JG: I think the best kind of smarts to have aren’t necessarily just brains, but more social intelligence. I ran my college radio station my junior and senior year of college. It was a big commercial radio station with a big commercial license, and we were losing money. We had to come up with a plan. There were a bunch of people who all wanted to save the station, but they couldn’t agree on how to accomplish that. Trying to build consensus is a skill that I still draw on, and I think that’s very analogous to figuring out what a season of a show is going to be like. We all want this to be good. We all know these characters. We all know what’s funny. We all have different opinions. How do we value everyone’s opinions, but also get things done?

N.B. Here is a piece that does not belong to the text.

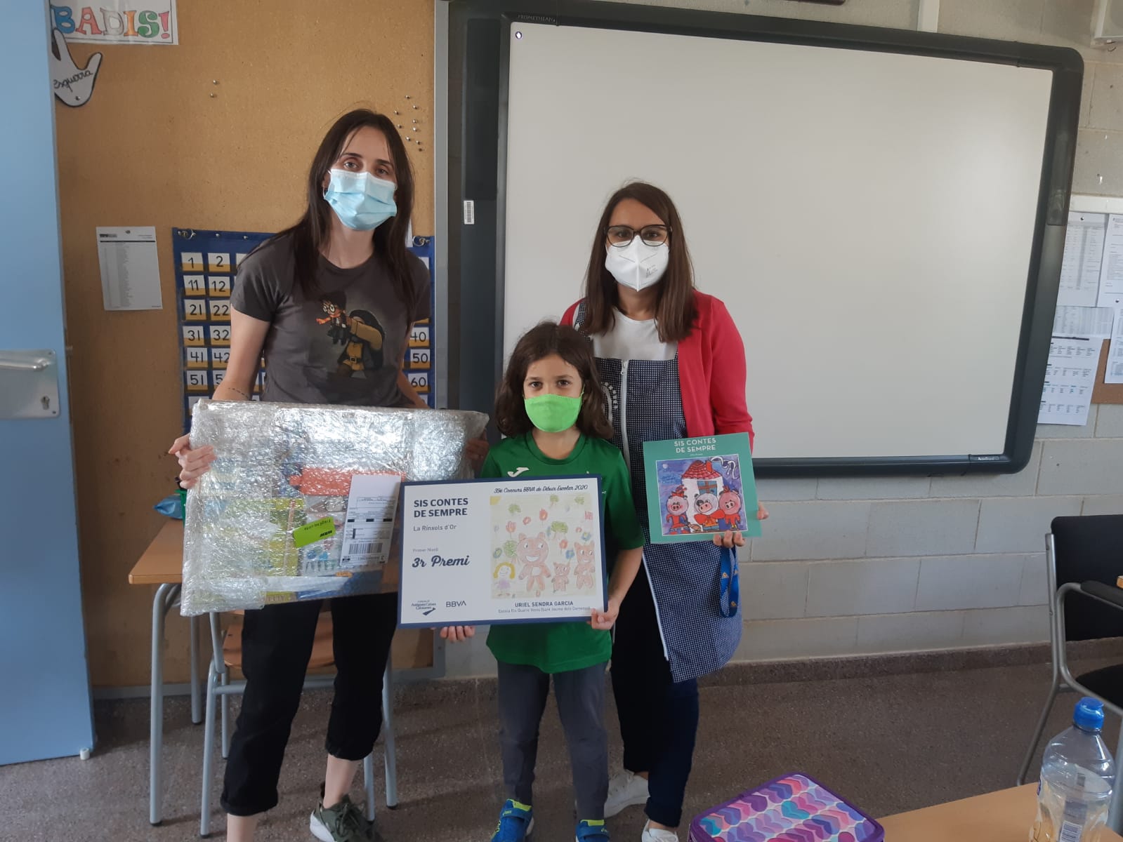 S’havia de fer un acte de lliurament de premis amb tots els guanyadors de les diferents escoles però no ha pogut ser degut a la COVID i per això li van enviar el seu regal a l’escola i a més van premiar l’escola amb 400€.

It’s like what a manager does on a baseball team. Not everybody has flat-out foot speed and can hit for power and field and has an amazing throwing arm. But if you do two or three out of those things really well, how do I allocate your resources?

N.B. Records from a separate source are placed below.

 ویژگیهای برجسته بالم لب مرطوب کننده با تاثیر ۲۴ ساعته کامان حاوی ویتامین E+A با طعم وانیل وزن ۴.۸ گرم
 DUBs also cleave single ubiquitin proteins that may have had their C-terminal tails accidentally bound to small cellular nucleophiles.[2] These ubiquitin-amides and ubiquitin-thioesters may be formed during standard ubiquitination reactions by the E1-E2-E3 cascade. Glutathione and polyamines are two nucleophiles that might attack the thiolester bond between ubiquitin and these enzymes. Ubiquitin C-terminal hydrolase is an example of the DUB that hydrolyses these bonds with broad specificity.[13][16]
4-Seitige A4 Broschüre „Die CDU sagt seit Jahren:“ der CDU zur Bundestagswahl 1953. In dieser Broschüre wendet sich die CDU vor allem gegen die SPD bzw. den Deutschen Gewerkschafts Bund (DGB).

PD: What makes your job easier?
JG: One, when you have an unbelievable cast that can atone for mistakes in writing or shortcomings. They just take it to another level, or they improv another joke. They give a twist to a line and add to it. That makes your job easy.
[Another] thing is when you have people that you hired, whom you trust, and they deliver.
What really makes your job easy is when you find that “thing” for a character that helps you write that character. [In Happy Endings,] there’s a joke in the pilot where Dave sleeps with some girl at a dance club. And Jane says, “He slept with her on the sheets we gave you for the wedding? How do you get slut of Egyptian cotton?” It was like, “That was what she was thinking about?” It was a moment when Jane crystallized.
PD: What makes your job harder?
JG: Actors being late and unprepared. Writers who pitch problems—and not solutions. Network mishandling of a show. Wrong time slot. Moving things around on the schedule. The problem is that you’re still in production and people get disheartened.
There are some people who’ve done my job, which is to come in on a pilot with a newer writer, and just assume because [the new writer doesn’t] know anything that they have to be subjugated a little bit. You need to strike the balance between teaching them and mentoring them, while also trying to safeguard what’s special about what they do. Sometimes the relationship is kind of adversarial, and I give a lot of credit on Happy Endings to [creator] David Caspe, who was really smart about what he didn’t know, but also really confident and dogged about what he did know and was really good at. He had that unique personality where you can say, “Show me the ropes, but this is still my show. I still know what I want.”
David, to his credit, really partnered with me and said, “This is our show.” Someone in his position could think, “You’re here to take away my show.” At the same time, someone in my position could think “Your name is on it, but you don’t know what you’re doing.” Neither of those will work—so luckily there was a good marriage, [which] made it work. It doesn’t always work that way.